Commandline arguments

--dropseq			Use barcode / umi positions from Macosko et al.
--10xgenomics		Use barcodes / umi coordinates from 10xGenomics version2 chemistry
--barcodes			Fastq.gz file from bead barcodes (Reads 1 for dropseq, reads 1 for 10xGenomics)
--reads				Fastq.gz file from RNA-seq / 3' sequence tags (Reads 2 for dropseq, reads 2 for 10xGenomics)
--umis				UMIs file. (Index I1 file, only required for 10xGenomics )
--output_dir		Directory where output files are written
--kmer_size			Size of k-mer to use for building the barcode graph
--depth				Search depth at each node [Default: 4]
--breadth			Search breadth through the graph [Default: 1000]
--threads			Number of threads to use [Default: 1]

Optional arguments

--kallisto_idx		Path to pre-computed kallisto index.
							If this is provided the script will quantify single-cell expression profiles using kallisto
--barcode_start	First position of cell barcode within read in --barcode file.
							Not needed if --dropseq or --10xgenomics arguments are provided
--barcode_end		Last position of cell barcode within read in --barcode file.
							Not needed if --dropseq or --10xgenomics arguments are provided
--umi_start			First position of unique molecule ID within read in --barcode file.
							Not needed if --dropseq or --10xgenomics arguments are provided
--umi_end			Last position of unique molecule ID within read in --barcode file.
							Not needed if --dropseq or --10xgenomics arguments are provided

Note about barcode and UMI position indexing Barcode and UMI positions within a read follow the same indexing convension as python strings.
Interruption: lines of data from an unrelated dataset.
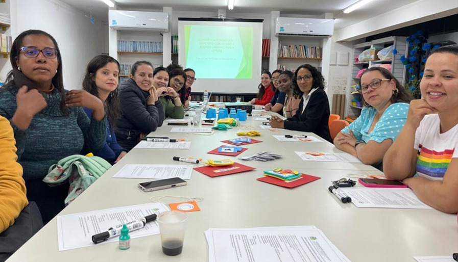 Os professores desempenham um papel fundamental na busca pela educação de qualidade. Eles devem estar constantemente se atualizando, participando das formações e buscando novas metodologias de ensino. Nessa formação, discutiu-se sobre essa habilidade metalinguística, que é a capacidade de pensar sobre a linguagem, envolvendo os seguintes níveis: consciência palavras, consciência silábica, consciência de rimas e aliterações e consciência fonêmica. O encontro proporcionou momentos teóricos e confecção de jogos que estimulem essa habilidade de forma lúdica e interativa, contribuindo para que as crianças reconheçam e manipulem os sons da linguagem, favorecendo a aprendizagem da leitura e da escrita, preparando essas crianças para o processo de alfabetização.
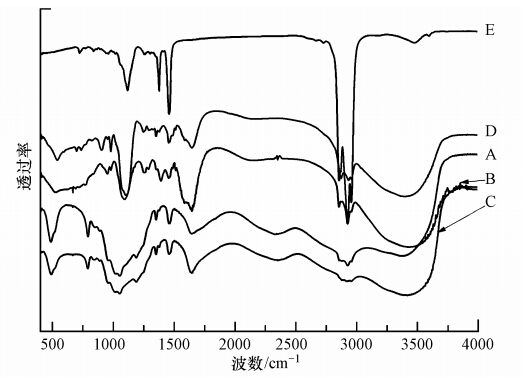 對5種去污劑進行了紅外光譜的定性分析,結果見圖 7.由圖可知,5種去污劑的紅外光譜圖各不相同,但有些去污劑的主要吸收峰有類似的特征.例如,去污劑A~D均在1645 cm-1和1458 cm-1處有較強吸收,此位置可能是COO-的特征吸收,而去污劑E的紅外光譜中無此吸收峰;去污劑B和C分別在3420 cm-1和1060 cm-1處有較強吸收;去污劑D和E在1100 cm-1處有較強吸收.但因去污劑成分復雜,僅從紅外譜圖很難推測去其成分.但結合圖 5,可以推斷去污劑的成分和主要官能團的差異將導致UV/H2O2氧化效果的不同.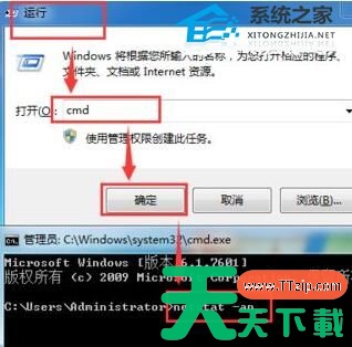 4. 再次打开“运行”,输入“cmd”,回车确定,在图示位置输入“netstat -an”,按下回车,就可以打开445端口了。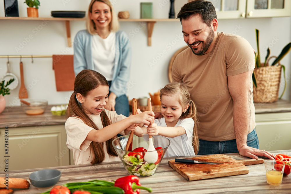 Happy Family Engaged in Preparing a Healthy Salad Together in Their Home Kitchen

For example, the string BARCODEUMI would have coordinates:

barcode_start		0
barcode_end			7
umi_start			7
umi_end				10

This follows from the following python snippet:

>>> seq = 'BARCODEUMI'
>>> seq[0:7]
'BARCODE'
>>> seq[7:10]
'UMI'

Use example

1 million reads from from Macosko 2015

This tutorial will run this software on an example dataset from Macosko et al (SRR1873277). According to the authors' software we expect ~570 single cells from this dataset. To speed things up we only use the first 1 million reads in the file (rather than ~400 million).Note that if you are not using kallisto to quantify expression levels, omit the --kallisto_idx option. This command will run a complete singe-cell RNA-seq analysis, going from raw, un-split reads to single-cell expression profiles. Note that the human / mouse transcriptome fasta can be found at http://bio.math.berkeley.edu/kallisto/transcriptomes/. Build a kallisto index following instrutuions https://pachterlab.github.io/kallisto/starting

python3 -m sircel \
	--threads 32 \
	--dropseq \
	--output_dir example \
	--reads example/SRR1873277_1m_r2.fastq.gz \
	--barcodes example/SRR1873277_1m_r1.fastq.gz \
	--kallisto_idx kallisto_idx/hgmm_kallisto.idx

The following output files will be produced in the example/ directory:

	all_paths.txt
		Tab-delimited file containing all circular paths (putative barcodes) found in the graph 
	merged_paths.txt
		Tab-delimited file containing circular paths after Hamming correction	
	paths_plotted.pdf
		Plots / histograms of circular path weights
	fits.txt
		Tab-delimited file containing Gaussian fits for plots above
	kallisto/
		Folder containing kallisto and TCC output files
		See Pachterlab scRNA-seq TCC pipeline for more:
			https://github.com/pachterlab/scRNA-Seq-TCC-prep
	reads_split/
		Folder containing fastq.gz files split by read.
		Also contains umi.txt and batch.txt files for kalisto single-cell
	run_log.txt
	run_outputs.json

The outputs from this command can be visualized with an included ipython notebook. Simply point the notebook to the appropriate run output file [codeblock 3] to re-compute the plots.